No caso da Rede Globo, o grande acervo permitiu escolhas muito bem acertadas como a re-exibição das tramas “Malhação – Viva a Diferença” como uma espécie de “esquenta” para o lançamento de “As Five”, série com o quinteto de protagonistas que se passa seis anos depois do fim da novela e vai ser exibida pelo Globoplay, plataforma de streaming do grupo, “Novo Mundo”, também uma prévia antes da sua continuação “Nos Tempos do Imperador”, que estrearia no dia 30 de março e “Totalmente Demais”, vinda na esteira do sucesso da recente “Bom Sucesso”, dos mesmos autores.
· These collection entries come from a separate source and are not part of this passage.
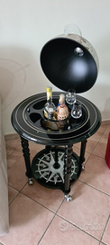 - Struttura: 3 gambe a spirale realizzate in legno di faggio, meridiano nord, vano interno portabottiglie, ruote.
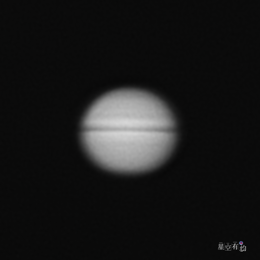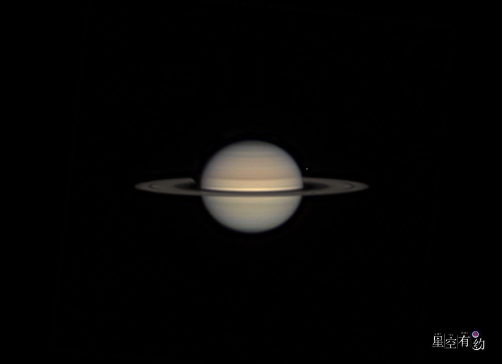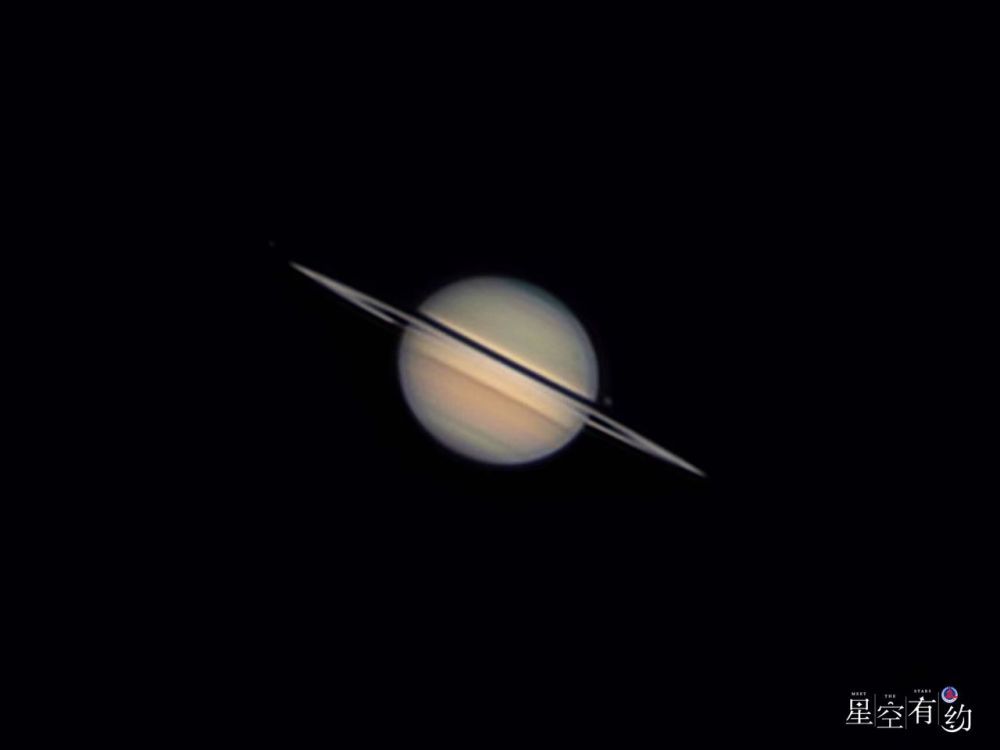 2025年4月29日在广东中山拍摄的土星特写,土星中间的黑线是土星环及其投影。(汉玲 摄)
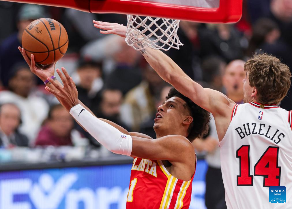Jalen Johnson (L) of Atlanta Hawks goes for a lay-up past Matas Buzelis of Chicago Bulls during the NBA regular season basketball game between Chicago Bulls and Atlanta Hawks at United Center in Chicago, the United States, on Oct. 27, 2025. (Photo by Joel Lerner/Xinhua)
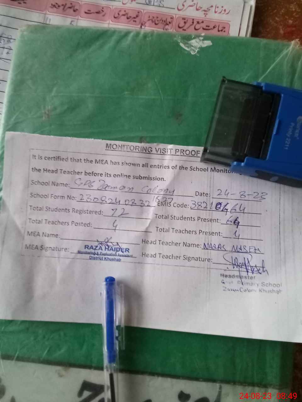 | Attendance Register | Head Teacher | MEA with School | Visit Proof |

Além do acervo, conteúdos até então exclusivos da plataforma de streaming foram para o canal aberto, como a série “Aruanas” que começou a ser exibida na terça-feira, 28 de março, quase um ano depois da estreia no GloboPlay.
Porém a sociedade e o mundo mudou muito, e muito rápido: as pautas identitárias ganharam força e alguns conteúdos não fazem mais sentido. Erro grotesco por exemplo foi a reprise de “Fina Estampa”, que com uma trama completamente rasa traz uma série de estereótipos falidos, verdadeiros deserviços em tempos em que a teledramaturgia caminha cada vez mais para a representatividade e vem abraçando a pluralidade e a diversidade enriquecendo suas tramas.
Porém é no humor que o problema se agrava, se os conteúdos da emissora mudou drasticamente com a criação do novo” Zorra”, “Tá no Ar” e “Fora de Hora”, todos focados em fazer rir do opressor e não do oprimido, escalar o sitcom “Toma Lá Dá Cá”, do sempre equivocado Miguel Falabella, no lugar da nova “Escolinha do Professor Raimundo” a partir do dia 16 de maio, segundo o colunista Piero Vergílio, é caminhar para trás.
Não que a escolinha seja lá um bom exemplo, no entanto, houve certa preocupação em “ajustar” o tom de alguns personagens e dar destaques a outros mais atemporais, sempre lembrando se tratar de homenagem e de um determinado tempo.
Agora no caso de “Toma Lá dá Cá” o buraco é mais embaixo por não se tratar de uma nova versão e sim um conteúdo produzido em 2007, ano não tão longinquo mas época onde o debate ainda não tinha chegado com força. Além dos personagens estereotipados e caricaturais, é no texto que moram os maiores perigos: a quantidade de “piadas” de cunho LGBTfobico e de violência contra a mulher são muitos, porém nada que alguma pequena edição não resolva, algo que espero que aconteça e tenho certeza, não interferir em nada o produto final.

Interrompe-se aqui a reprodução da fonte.